TASK —
Write out each entry word for word.

INPUT RECORDS —

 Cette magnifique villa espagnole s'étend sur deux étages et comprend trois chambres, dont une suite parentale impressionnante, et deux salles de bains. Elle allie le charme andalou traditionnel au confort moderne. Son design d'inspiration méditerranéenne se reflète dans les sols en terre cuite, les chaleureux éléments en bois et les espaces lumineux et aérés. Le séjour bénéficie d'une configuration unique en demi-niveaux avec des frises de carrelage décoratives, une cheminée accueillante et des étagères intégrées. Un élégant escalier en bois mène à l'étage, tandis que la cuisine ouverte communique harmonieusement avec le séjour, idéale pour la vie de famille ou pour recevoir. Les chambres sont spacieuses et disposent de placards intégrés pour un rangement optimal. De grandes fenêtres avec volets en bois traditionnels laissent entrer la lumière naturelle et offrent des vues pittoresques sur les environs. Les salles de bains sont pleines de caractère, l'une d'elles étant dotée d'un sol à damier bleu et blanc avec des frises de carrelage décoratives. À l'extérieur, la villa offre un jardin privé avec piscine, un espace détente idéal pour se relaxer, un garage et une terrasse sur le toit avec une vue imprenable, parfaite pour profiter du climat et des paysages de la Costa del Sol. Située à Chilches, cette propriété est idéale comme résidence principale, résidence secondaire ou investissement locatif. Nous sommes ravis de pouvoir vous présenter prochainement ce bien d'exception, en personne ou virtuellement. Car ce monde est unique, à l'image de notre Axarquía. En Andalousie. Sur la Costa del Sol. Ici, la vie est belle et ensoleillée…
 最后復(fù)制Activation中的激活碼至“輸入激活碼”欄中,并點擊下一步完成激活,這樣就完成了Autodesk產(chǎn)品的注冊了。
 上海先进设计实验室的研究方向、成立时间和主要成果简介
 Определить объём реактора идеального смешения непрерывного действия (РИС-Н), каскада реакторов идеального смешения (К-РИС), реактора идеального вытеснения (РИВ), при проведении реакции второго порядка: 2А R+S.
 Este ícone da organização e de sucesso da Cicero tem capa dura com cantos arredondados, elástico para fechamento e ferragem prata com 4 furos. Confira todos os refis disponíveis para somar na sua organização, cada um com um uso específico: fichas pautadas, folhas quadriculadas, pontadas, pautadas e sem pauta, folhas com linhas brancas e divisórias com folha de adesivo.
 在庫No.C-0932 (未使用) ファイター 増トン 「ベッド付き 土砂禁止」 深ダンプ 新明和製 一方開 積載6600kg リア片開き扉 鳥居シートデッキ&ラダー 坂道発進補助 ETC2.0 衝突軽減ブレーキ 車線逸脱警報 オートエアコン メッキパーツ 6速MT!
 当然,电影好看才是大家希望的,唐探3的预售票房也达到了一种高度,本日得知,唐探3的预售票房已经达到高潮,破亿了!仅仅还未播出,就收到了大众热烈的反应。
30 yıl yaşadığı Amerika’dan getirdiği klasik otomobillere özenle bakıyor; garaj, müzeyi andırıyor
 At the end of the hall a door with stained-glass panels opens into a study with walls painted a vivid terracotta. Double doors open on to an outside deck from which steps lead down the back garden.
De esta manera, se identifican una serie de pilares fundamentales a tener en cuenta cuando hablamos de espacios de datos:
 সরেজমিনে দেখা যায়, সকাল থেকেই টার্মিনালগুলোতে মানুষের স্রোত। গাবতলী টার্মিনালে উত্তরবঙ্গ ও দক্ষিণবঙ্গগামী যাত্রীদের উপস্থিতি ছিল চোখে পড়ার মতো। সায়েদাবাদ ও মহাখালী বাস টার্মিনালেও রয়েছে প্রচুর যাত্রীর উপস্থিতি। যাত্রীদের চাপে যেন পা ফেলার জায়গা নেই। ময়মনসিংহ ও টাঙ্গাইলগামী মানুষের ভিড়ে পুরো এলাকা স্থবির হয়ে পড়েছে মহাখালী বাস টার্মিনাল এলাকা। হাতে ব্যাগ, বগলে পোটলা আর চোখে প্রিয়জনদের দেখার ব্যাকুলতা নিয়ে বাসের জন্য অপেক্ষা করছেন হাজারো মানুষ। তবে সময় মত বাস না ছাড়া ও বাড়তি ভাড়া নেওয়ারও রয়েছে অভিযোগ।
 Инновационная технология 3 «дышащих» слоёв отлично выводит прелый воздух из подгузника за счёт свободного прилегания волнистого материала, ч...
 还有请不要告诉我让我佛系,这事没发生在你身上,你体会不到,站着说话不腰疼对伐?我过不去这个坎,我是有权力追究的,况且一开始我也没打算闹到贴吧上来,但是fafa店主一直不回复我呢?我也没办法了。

ANSWER SECTION —
 Cette magnifique villa espagnole s'étend sur deux étages et comprend trois chambres, dont une suite parentale impressionnante, et deux salles de bains. Elle allie le charme andalou traditionnel au confort moderne. Son design d'inspiration méditerranéenne se reflète dans les sols en terre cuite, les chaleureux éléments en bois et les espaces lumineux et aérés. Le séjour bénéficie d'une configuration unique en demi-niveaux avec des frises de carrelage décoratives, une cheminée accueillante et des étagères intégrées. Un élégant escalier en bois mène à l'étage, tandis que la cuisine ouverte communique harmonieusement avec le séjour, idéale pour la vie de famille ou pour recevoir. Les chambres sont spacieuses et disposent de placards intégrés pour un rangement optimal. De grandes fenêtres avec volets en bois traditionnels laissent entrer la lumière naturelle et offrent des vues pittoresques sur les environs. Les salles de bains sont pleines de caractère, l'une d'elles étant dotée d'un sol à damier bleu et blanc avec des frises de carrelage décoratives. À l'extérieur, la villa offre un jardin privé avec piscine, un espace détente idéal pour se relaxer, un garage et une terrasse sur le toit avec une vue imprenable, parfaite pour profiter du climat et des paysages de la Costa del Sol. Située à Chilches, cette propriété est idéale comme résidence principale, résidence secondaire ou investissement locatif. Nous sommes ravis de pouvoir vous présenter prochainement ce bien d'exception, en personne ou virtuellement. Car ce monde est unique, à l'image de notre Axarquía. En Andalousie. Sur la Costa del Sol. Ici, la vie est belle et ensoleillée…
 最后復(fù)制Activation中的激活碼至“輸入激活碼”欄中,并點擊下一步完成激活,這樣就完成了Autodesk產(chǎn)品的注冊了。
 上海先进设计实验室的研究方向、成立时间和主要成果简介
 Определить объём реактора идеального смешения непрерывного действия (РИС-Н), каскада реакторов идеального смешения (К-РИС), реактора идеального вытеснения (РИВ), при проведении реакции второго порядка: 2А R+S.
 Este ícone da organização e de sucesso da Cicero tem capa dura com cantos arredondados, elástico para fechamento e ferragem prata com 4 furos. Confira todos os refis disponíveis para somar na sua organização, cada um com um uso específico: fichas pautadas, folhas quadriculadas, pontadas, pautadas e sem pauta, folhas com linhas brancas e divisórias com folha de adesivo.
 在庫No.C-0932 (未使用) ファイター 増トン 「ベッド付き 土砂禁止」 深ダンプ 新明和製 一方開 積載6600kg リア片開き扉 鳥居シートデッキ&ラダー 坂道発進補助 ETC2.0 衝突軽減ブレーキ 車線逸脱警報 オートエアコン メッキパーツ 6速MT!
 当然,电影好看才是大家希望的,唐探3的预售票房也达到了一种高度,本日得知,唐探3的预售票房已经达到高潮,破亿了!仅仅还未播出,就收到了大众热烈的反应。
30 yıl yaşadığı Amerika’dan getirdiği klasik otomobillere özenle bakıyor; garaj, müzeyi andırıyor
 At the end of the hall a door with stained-glass panels opens into a study with walls painted a vivid terracotta. Double doors open on to an outside deck from which steps lead down the back garden.
De esta manera, se identifican una serie de pilares fundamentales a tener en cuenta cuando hablamos de espacios de datos:
 সরেজমিনে দেখা যায়, সকাল থেকেই টার্মিনালগুলোতে মানুষের স্রোত। গাবতলী টার্মিনালে উত্তরবঙ্গ ও দক্ষিণবঙ্গগামী যাত্রীদের উপস্থিতি ছিল চোখে পড়ার মতো। সায়েদাবাদ ও মহাখালী বাস টার্মিনালেও রয়েছে প্রচুর যাত্রীর উপস্থিতি। যাত্রীদের চাপে যেন পা ফেলার জায়গা নেই। ময়মনসিংহ ও টাঙ্গাইলগামী মানুষের ভিড়ে পুরো এলাকা স্থবির হয়ে পড়েছে মহাখালী বাস টার্মিনাল এলাকা। হাতে ব্যাগ, বগলে পোটলা আর চোখে প্রিয়জনদের দেখার ব্যাকুলতা নিয়ে বাসের জন্য অপেক্ষা করছেন হাজারো মানুষ। তবে সময় মত বাস না ছাড়া ও বাড়তি ভাড়া নেওয়ারও রয়েছে অভিযোগ।
 Инновационная технология 3 «дышащих» слоёв отлично выводит прелый воздух из подгузника за счёт свободного прилегания волнистого материала, ч...
 还有请不要告诉我让我佛系,这事没发生在你身上,你体会不到,站着说话不腰疼对伐?我过不去这个坎,我是有权力追究的,况且一开始我也没打算闹到贴吧上来,但是fafa店主一直不回复我呢?我也没办法了。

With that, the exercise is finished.